Well-cooked and packaged foods are usually safe, if handled properly. Avoid eating unpeeled and unwashed raw fruits and vegetables. It is also advised to avoid raw or undercooked meats and seafood. Studies also show that unpasteurized milk, dairy products, mayonnaise, and pastry icings increase the risk of TD. Use extreme caution purchasing foods or beverages from street vendors or other establishments where unhygienic conditions may be present.
Treatment varies for TD. Antibiotic prophylaxis is sometimes used for those traveling to high risk areas. Antibiotics often are used to treat TD as many cases are the direct result of bacterial infiltration. Antimotility agents, such as loperamide and diphenoxylate, provide symptomatic relief and serve as useful adjuncts to antibiotic therapy. Other nonspecific agents, such as kaolin pectin, activated charcoal, and probiotics have had a limited role and varying efficacy in the treatment of TD. According to the World Health Organization (WHO), a vaccine has been developed to aid in the fight against TD. The Activax25 vaccine is a combined multivalent vaccine that contains protective antigens against Campylobacter, Shigella, and ETEC.

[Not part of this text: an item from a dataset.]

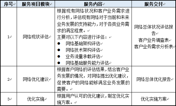 網絡的(de)評估優化(huà)服務是(shì)金(♠$jīn)科(kē)信息針對(duì)客戶提供的(de)一(yī)種個(gè)性化(huà♠↕ ×)的(de)高(gāo)級服務,綜合體(tǐ)現(xiàn)金(★δγjīn)科(kē)服務的(de)方法、技(jì)術(shù)、專業(yè)能(néng)力。它以關♥¶注客戶整年(nián)的(de)網絡系統運行(xíng)為(wèi) ™₹'目标,通(tōng)過收集評估期內(nèi)網絡設備¥§的(de)運行(xíng)數(shù)據,分(fēn)析、評估其運行(xíng)情況,從(c♠★óng)而發現(xiàn)潛在問(wèn)題,有(yǒu)利于保障客戶網絡的(de™₩)健康穩定運行(xíng)。并且客戶還(hái)可(kě)以通(&•☆≠tōng)過此項服務提高(gāo)網絡可(kě)管理(lǐ)性、可(kě)維護性、≤安全性以及業(yè)務部署能(néng)力,更好(hǎo)的(de)滿足業(yè)務運營及發展的&÷€(de)要(yào)求。金(jīn)科(kē)信息提供的(de)評估優化(huà)服務的$'∑ (de)主要(yào)內(nèi)容如(rú)下(xià):
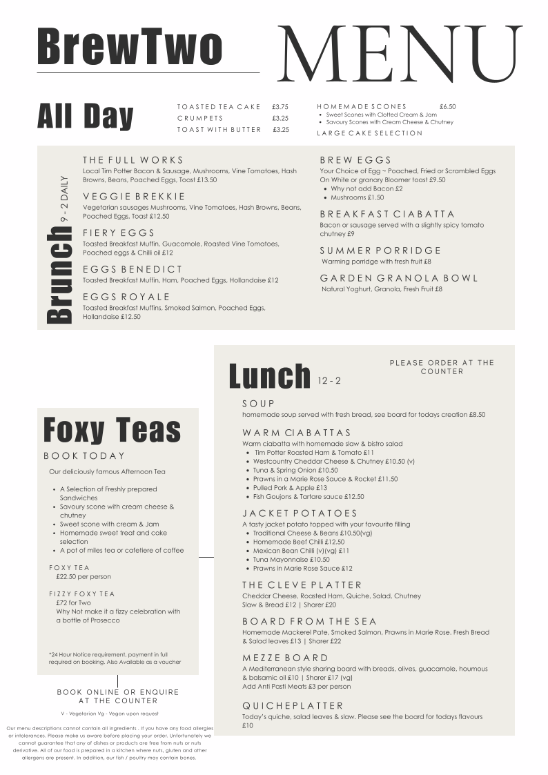 Our deliciously famous Afternoon Tea A selection of freshly prepared finger sandwiches.Savoury scone with cream cheese and homemade chutney. Sweet scone with clotted cream and jam. Our homemade sweet treat and cake selection. A pot of Miles Leaf Tea or a cafetiere of Fairtrade Coffee Enjoy an afternoon treat with us!

1. Centers for Disease Control and Prevention. Travelers' Health: Yellow Book. Health Information for International Travel. Chapter 4 - Prevention of Specific Infectious Diseases; Traveler's Diarrhea. 2005-2006. http://www2.ncid.cdc.gov/travel/yb/utils/ybGet.asp?section=dis&obj=travelers_diarrhea.htm&cssNav=browseoyb.
2. Wikipedia. Traveler's diarrhea. http://en.wikipedia.org/wiki/Traveler's_diarrhea.
3. World Health Organization. State of the art of new vaccines. Research and Development Initiative for Vaccine Research. April 2003.